Not-Norton was getting more grim and guarded-looking by the second. It was surreal. No, it was whatever was more surreal than surreal. Fantastical? Hallucinatory? There had to be a word. It was confusing how much he looked like Norton and how utterly and absolutely different he was.
“Look,” not-Norton pressed on, “I’m not sure what the problem is. We had a nice thing a couple of years ago. Right? Did I miss something? You got your job back. I helped you get your job back.”
It was like they were from distant planets and the homeworld hand gestures were just not the same. Not-Norton seemed to feel he was making a peace sign, and Shane felt like he was getting an Up Yours. Repeatedly. With greater and greater emphasis.
It had to be due to recently getting out of the hospital or something like that because Shane could feel himself growing more and more emotional and upset, which served to make him more emotional and upset. This wasn’t like him. None of this was like him.

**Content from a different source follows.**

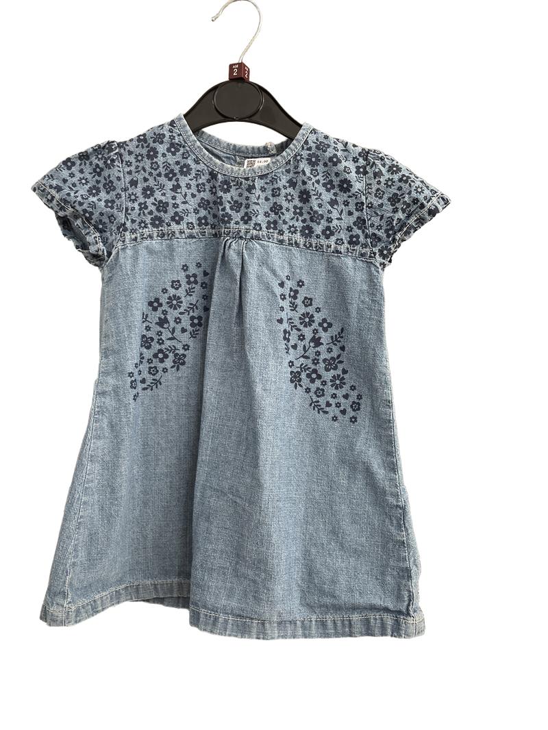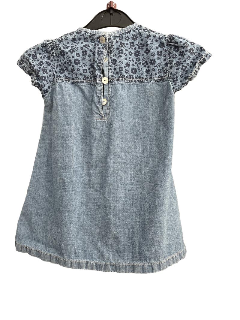 Preloved Alana - Denim Floral Print Short-sleeved Dress (2-3y)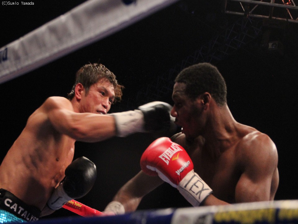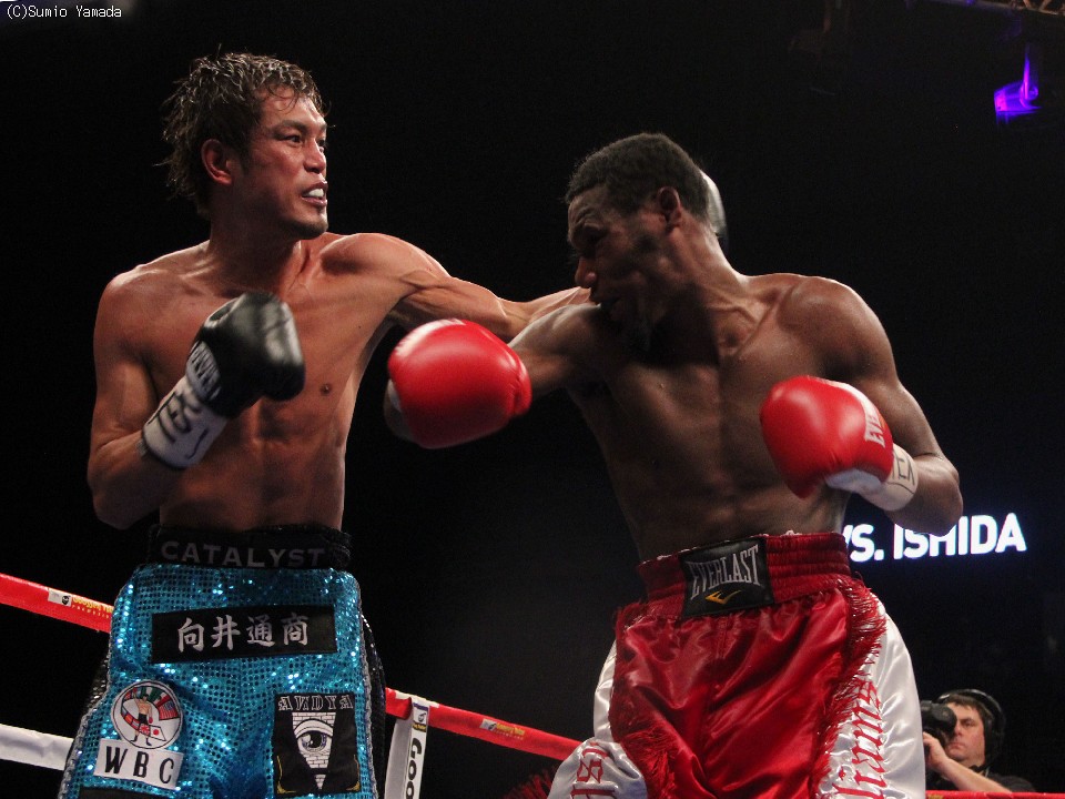 身長はほぼ同じだがリーチではウィリアムスが20センチ以上も長い。加えてサウスポーというアドバンテージがあるウィリアムスは、石田に間合いを与えずに先に先にと攻めて出た。折々に石田も応戦するが、流れを引き寄せるまでには至らない。相手のペースのなかでラウンドを重ねることになった。

He was behaving like…well, for sure not like not-Norton, who had enjoyed “the nice thing a couple of years ago” and never given him another thought.
Which Shane already knew. Was obvious from the way things had ended. So why the drama? He had accepted for years that the timing of not-Norton’s leaving had not been a coincidence. Shane had worked it out a long time ago. Not-Norton had to have been some kind of an investigator working for the Fallons.
Or he actually was an international art thief, and he’d figured out what Shane did for a living.
God. Yes. As ridiculous as that second scenario had been, it had actually crossed Shane’s mind a few times. In fact, in an unacknowledged corner of his heart he’d preferred that scenario because it meant not-Norton hadn’t had a choice. It meant Shane hadn’t just been…a job.
But Shane had been just another job. That was clear from the way not-Norton was eyeing him. Like Shane was behaving in an unexpected and worrying way.
Which made Shane feel foolish on top of…whatever else he was feeling. Certainly embarrassed. Because here he was, yelling in the street about, well, getting dumped. Two years ago. And since he was actually not that great at gracefully severing connections himself, this was probably poetic justice. Or something equally awful.
He pulled himself together and said coldly, “You’re right. No problem on my side. Happy Holidays.”